THE DATA START

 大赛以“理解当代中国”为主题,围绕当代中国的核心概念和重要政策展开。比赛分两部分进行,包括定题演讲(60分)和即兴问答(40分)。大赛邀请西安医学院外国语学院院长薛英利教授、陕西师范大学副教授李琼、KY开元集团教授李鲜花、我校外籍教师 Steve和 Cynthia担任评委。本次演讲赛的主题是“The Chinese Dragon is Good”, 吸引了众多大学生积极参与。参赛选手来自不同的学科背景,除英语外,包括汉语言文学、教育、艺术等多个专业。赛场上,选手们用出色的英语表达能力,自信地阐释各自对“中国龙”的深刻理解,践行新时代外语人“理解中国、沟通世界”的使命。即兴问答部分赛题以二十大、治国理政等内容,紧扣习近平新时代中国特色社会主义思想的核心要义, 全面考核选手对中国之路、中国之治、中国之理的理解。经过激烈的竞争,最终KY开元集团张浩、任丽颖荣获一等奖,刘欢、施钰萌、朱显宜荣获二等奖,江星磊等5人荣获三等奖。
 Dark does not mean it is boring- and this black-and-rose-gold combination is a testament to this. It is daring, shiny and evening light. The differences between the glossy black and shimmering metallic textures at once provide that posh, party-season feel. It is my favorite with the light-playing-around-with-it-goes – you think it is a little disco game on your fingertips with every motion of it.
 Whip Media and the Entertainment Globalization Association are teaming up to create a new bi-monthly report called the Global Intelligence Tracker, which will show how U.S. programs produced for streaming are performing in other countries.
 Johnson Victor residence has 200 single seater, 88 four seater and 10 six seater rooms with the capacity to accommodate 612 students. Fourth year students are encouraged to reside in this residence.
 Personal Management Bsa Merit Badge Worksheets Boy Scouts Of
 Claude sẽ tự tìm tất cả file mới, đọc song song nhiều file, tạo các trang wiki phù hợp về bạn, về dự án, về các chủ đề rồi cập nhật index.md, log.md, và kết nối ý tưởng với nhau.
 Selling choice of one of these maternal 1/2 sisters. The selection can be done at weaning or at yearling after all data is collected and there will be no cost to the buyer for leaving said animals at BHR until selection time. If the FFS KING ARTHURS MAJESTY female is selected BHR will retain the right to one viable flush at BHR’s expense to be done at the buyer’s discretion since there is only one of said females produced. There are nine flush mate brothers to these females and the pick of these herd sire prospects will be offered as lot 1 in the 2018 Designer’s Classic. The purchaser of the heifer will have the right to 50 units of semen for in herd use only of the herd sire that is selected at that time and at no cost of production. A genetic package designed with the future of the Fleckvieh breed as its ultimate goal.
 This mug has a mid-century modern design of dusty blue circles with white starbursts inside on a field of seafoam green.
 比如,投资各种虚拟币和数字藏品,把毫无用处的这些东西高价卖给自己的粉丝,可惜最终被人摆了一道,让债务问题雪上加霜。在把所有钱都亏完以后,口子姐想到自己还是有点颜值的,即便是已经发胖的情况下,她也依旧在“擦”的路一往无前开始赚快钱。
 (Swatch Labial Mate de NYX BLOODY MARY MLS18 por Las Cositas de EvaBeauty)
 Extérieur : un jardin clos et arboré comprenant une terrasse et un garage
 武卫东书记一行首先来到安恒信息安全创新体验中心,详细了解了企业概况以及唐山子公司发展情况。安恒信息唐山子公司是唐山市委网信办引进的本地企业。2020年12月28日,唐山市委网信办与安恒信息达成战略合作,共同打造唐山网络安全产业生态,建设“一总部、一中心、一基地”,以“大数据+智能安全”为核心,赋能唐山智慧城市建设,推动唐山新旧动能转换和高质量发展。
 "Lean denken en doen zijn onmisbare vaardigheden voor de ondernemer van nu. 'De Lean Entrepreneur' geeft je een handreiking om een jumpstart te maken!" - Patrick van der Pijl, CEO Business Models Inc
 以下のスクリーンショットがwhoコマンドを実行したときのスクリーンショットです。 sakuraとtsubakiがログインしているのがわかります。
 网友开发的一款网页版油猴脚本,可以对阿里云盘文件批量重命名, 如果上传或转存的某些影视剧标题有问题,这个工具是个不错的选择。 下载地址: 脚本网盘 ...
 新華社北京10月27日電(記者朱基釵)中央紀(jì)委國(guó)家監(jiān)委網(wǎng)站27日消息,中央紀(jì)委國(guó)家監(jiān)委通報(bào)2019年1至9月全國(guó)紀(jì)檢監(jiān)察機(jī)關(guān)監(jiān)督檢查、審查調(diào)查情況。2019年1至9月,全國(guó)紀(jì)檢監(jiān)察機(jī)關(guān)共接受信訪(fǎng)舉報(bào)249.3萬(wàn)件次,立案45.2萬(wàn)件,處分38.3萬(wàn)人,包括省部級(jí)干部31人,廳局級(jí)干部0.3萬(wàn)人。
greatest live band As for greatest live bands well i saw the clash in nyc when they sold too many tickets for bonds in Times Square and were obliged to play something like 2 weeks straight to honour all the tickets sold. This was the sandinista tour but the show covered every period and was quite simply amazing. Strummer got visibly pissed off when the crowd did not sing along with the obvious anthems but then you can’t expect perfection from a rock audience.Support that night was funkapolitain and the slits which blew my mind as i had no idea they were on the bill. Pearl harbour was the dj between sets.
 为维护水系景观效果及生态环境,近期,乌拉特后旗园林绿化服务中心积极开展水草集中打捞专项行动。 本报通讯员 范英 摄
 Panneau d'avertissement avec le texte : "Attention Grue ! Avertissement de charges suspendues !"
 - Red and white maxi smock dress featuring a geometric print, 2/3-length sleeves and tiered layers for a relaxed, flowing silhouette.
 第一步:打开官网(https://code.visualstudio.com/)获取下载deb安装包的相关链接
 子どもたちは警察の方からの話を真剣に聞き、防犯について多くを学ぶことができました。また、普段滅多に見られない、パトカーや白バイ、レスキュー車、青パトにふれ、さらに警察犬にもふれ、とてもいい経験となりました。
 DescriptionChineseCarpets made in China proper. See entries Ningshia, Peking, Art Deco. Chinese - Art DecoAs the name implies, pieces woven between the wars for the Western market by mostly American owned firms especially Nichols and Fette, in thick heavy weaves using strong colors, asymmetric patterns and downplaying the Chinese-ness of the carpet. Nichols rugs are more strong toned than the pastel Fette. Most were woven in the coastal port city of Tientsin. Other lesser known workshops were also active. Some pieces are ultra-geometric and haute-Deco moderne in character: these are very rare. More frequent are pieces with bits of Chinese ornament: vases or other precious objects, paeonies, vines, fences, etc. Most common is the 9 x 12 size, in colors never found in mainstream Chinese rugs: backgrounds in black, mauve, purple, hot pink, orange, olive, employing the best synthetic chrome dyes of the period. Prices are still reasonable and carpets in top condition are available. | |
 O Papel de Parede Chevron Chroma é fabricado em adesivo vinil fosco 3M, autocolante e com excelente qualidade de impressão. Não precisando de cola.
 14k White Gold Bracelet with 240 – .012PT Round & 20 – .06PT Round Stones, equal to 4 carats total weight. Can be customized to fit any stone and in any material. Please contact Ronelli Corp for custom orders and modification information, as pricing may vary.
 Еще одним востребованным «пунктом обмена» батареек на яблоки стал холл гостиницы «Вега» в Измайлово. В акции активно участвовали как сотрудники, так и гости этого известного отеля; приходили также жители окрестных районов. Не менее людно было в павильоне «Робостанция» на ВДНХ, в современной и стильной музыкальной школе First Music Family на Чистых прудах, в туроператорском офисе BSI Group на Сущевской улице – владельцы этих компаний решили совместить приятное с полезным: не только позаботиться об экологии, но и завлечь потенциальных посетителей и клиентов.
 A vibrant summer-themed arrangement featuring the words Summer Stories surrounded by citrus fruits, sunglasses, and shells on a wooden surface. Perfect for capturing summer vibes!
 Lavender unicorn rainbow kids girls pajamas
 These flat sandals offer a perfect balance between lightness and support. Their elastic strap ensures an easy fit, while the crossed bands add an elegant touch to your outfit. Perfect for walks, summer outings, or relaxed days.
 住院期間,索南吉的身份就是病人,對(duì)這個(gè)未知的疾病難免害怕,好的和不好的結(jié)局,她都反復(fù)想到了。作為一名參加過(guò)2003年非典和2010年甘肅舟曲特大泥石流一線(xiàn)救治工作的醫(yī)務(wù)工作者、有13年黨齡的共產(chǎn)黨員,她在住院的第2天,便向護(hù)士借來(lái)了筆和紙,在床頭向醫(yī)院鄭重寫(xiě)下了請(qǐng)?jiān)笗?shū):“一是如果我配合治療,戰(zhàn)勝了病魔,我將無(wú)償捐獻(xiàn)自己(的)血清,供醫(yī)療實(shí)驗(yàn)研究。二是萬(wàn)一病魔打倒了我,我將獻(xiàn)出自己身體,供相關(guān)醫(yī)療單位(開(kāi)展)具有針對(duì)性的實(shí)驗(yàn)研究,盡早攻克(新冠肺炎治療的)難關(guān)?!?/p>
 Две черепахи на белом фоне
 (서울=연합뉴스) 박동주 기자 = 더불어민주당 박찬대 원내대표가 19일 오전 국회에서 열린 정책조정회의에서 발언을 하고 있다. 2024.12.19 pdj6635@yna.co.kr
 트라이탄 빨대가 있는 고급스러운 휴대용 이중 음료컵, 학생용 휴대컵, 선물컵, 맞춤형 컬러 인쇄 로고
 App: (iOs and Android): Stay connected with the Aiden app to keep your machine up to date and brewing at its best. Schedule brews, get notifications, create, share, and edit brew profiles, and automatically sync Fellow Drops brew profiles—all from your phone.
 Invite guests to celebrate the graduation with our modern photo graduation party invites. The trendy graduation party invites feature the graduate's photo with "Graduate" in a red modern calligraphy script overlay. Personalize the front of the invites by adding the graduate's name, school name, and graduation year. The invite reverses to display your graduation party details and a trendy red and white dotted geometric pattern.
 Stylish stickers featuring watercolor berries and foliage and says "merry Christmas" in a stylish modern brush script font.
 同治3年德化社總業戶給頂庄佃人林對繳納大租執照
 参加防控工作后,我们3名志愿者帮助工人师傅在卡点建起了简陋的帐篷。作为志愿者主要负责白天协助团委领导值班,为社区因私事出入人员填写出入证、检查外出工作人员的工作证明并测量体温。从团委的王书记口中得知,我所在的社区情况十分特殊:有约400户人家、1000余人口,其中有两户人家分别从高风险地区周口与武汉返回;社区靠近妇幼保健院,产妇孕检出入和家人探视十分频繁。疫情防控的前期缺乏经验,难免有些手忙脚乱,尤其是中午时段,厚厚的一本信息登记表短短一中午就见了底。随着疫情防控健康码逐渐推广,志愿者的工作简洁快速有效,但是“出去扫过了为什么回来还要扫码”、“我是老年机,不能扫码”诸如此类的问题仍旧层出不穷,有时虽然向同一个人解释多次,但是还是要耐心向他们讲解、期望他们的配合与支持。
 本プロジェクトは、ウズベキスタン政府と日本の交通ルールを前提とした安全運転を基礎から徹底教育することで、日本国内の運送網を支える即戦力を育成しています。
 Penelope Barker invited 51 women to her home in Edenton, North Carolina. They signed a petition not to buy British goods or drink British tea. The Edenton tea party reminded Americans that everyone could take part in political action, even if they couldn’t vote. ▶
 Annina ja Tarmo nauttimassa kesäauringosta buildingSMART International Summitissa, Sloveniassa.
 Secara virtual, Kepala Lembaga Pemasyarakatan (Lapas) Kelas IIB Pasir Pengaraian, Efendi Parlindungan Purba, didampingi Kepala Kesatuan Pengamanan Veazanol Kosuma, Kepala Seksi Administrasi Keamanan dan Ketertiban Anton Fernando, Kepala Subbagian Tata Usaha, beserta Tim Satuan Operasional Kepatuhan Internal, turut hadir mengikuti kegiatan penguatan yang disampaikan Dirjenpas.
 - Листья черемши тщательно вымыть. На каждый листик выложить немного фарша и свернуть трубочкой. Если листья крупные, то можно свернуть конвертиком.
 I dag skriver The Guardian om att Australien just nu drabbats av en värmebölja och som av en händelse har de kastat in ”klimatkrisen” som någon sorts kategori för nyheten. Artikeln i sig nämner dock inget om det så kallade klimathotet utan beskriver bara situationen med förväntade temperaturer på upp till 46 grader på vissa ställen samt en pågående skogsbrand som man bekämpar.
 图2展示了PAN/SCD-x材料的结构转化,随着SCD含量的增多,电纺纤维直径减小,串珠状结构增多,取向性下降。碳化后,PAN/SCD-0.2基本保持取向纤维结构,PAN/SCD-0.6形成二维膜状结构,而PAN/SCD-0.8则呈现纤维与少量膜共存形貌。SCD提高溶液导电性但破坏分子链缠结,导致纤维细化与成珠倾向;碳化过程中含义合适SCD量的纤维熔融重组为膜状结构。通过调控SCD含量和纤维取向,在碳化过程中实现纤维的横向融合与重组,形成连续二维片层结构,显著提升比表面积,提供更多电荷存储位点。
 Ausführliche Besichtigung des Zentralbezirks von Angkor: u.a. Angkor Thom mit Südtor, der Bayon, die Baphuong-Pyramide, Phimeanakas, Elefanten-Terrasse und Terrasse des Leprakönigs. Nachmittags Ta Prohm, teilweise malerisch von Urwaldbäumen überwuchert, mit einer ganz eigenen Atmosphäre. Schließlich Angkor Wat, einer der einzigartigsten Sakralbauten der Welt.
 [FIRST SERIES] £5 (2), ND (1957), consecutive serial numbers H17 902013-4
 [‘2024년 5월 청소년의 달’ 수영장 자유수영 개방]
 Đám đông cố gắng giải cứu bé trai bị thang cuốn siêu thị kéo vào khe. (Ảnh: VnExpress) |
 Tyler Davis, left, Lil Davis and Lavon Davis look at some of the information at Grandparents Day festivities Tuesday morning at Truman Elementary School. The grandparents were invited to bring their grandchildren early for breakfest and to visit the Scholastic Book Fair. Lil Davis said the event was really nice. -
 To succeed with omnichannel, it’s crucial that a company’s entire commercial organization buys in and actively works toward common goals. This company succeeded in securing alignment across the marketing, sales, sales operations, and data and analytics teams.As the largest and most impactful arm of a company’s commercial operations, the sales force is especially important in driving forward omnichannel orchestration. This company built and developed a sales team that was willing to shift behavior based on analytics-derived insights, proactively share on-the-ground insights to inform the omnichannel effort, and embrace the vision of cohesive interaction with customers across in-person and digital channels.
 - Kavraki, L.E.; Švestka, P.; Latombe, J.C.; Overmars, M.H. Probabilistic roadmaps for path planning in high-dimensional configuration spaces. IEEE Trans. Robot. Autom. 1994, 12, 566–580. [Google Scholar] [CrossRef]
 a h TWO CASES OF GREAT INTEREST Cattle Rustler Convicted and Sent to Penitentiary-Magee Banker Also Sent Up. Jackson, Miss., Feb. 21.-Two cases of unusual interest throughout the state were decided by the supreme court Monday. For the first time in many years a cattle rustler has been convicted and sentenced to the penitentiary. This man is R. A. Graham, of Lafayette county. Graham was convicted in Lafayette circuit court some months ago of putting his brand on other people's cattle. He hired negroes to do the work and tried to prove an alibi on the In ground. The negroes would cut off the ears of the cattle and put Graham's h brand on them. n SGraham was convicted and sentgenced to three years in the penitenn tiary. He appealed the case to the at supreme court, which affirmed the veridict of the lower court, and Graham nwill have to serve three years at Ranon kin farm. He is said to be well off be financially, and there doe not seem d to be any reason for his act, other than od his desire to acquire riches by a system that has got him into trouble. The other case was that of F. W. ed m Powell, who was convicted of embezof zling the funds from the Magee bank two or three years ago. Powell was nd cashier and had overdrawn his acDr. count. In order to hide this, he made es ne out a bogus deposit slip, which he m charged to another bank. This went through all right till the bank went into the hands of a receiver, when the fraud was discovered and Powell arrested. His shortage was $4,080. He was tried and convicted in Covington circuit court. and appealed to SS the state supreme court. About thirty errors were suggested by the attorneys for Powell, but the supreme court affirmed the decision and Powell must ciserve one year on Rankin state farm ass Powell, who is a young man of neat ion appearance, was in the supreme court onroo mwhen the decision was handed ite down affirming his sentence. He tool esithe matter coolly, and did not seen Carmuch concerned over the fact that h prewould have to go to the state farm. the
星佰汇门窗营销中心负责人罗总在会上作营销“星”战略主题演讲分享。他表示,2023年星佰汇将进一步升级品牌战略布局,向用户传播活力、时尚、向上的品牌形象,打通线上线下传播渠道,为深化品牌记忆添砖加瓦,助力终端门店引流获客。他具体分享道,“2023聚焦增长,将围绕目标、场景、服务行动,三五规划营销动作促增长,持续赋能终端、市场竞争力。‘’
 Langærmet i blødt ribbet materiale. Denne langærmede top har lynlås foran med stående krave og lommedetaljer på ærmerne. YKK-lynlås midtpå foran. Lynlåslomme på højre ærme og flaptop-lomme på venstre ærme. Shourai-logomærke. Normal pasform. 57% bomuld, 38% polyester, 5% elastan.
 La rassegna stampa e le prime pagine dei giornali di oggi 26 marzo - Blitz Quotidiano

THE DATA END

__WHAT NEEDS TO BE DONE__: With the data above as the source, tally the lines that include the string "relaxed", and give that figure alone.

__WRITTEN ANSWER__: 2